King groaned aloud and rolled over on his side, just as the stuff became so dim and dreadful that you could hardly see your hand before your face, and a noise like the rushing of the wind between the worlds made every inch of your skin prickly with goose-flesh. Low though the colors were, when you shut your eyes you could still see them, but I could not see the Gray Mahatma, and I was sure he could not see me. He would not know which of us was down and out.
So I seized King and dragged him across the floor to the point where the irregular stone steps provided the only way of escape. There I hove him like a sack on to my shoulders. In that drunken, throbbing twilight it would have been easy for some of the gray-beard's crew to lean from the ledge and send me reeling back again; the best chance was to climb quickly before they were aware of me.
When I reached the ledge it was deserted. There was nothing whatever to indicate where the gray-beard and his crew were. I could not remember exactly the direction of the entrance, but made for the wall, intending to feel my way along it; and just as I started to do that I heard the Gray Mahatma climbing up behind me.
He made hardly more noise than a cat. But though the Mahatma was stealthy, he came swiftly, and in a moment I felt his hand touch me.

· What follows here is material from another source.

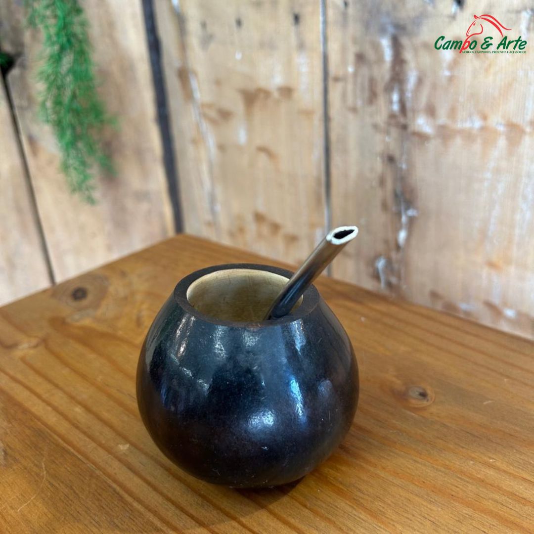 Artesanato de Qualidade: Revestimento em couro costurado à mão, com trançados tiento equino, tornando cada cuia única.

That was exactly at the moment when the music and colors were subdued to a sort of hell-brew twilight—the kind of glow you might expect before the overwhelming of the world.
"You are as strong as the buffalo himself," he said, mistaking me for King. "Leave that fool here, and come with me."

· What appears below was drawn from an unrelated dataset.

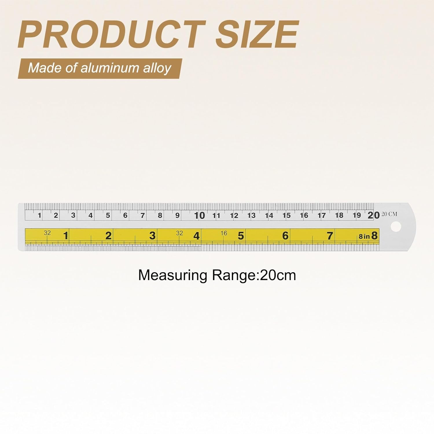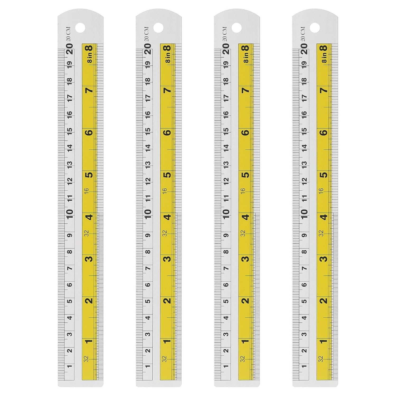 HARFINGTON 4pcs Metal Straight Ruler 20cm Metric SAE Aluminum Alloy Measuring Rulers Scale Tool with Hole for Measure Study Reading Classroom Office, Yellow

My right hand was free, but the Gray Mahatma had plenty of assistance at his beck and call.
So I put my hand in the small of his back and shoved him along in front of me. If he should learn too soon that King, and not I, was down and out he might decide to have done with us both there and then. My task was to get out of that cavern before the golden light came on again.
The Gray Mahatma led the way to the door, and it was just as well that he did, for there was some secret way of opening it that I should almost certainly have failed to find. I pushed him through ahead of me.

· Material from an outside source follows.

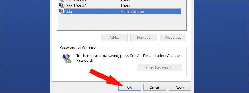 - In the newly opened window, select the username for which you no longer want to use a password, uncheck the square next to “User must enter a user name and password to use this computer”

And then we were in pitch darkness. There was neither light, nor room to turn, and nothing for it but for the Mahatma to lead the way along, and I had to be careful in carrying King not to injure him against the rock in the places where the passage narrowed.
However, he began to recover gradually as we neared the end of the long passage, regaining consciousness by fits and starts like a man coming out of anesthesia, and commencing to kick so that I had hard work to preserve him from injury. When his feet were not striking out against the walls his head was, and I finally shook him violently. That had the desired effect. It was just as if fumes had gone out of his head. His body grew warmer almost in a moment, and I felt him break out into a sweat. Then he groaned, and asked me where we were; and a moment later he seemed to understand what was happening, for he struggled to free himself.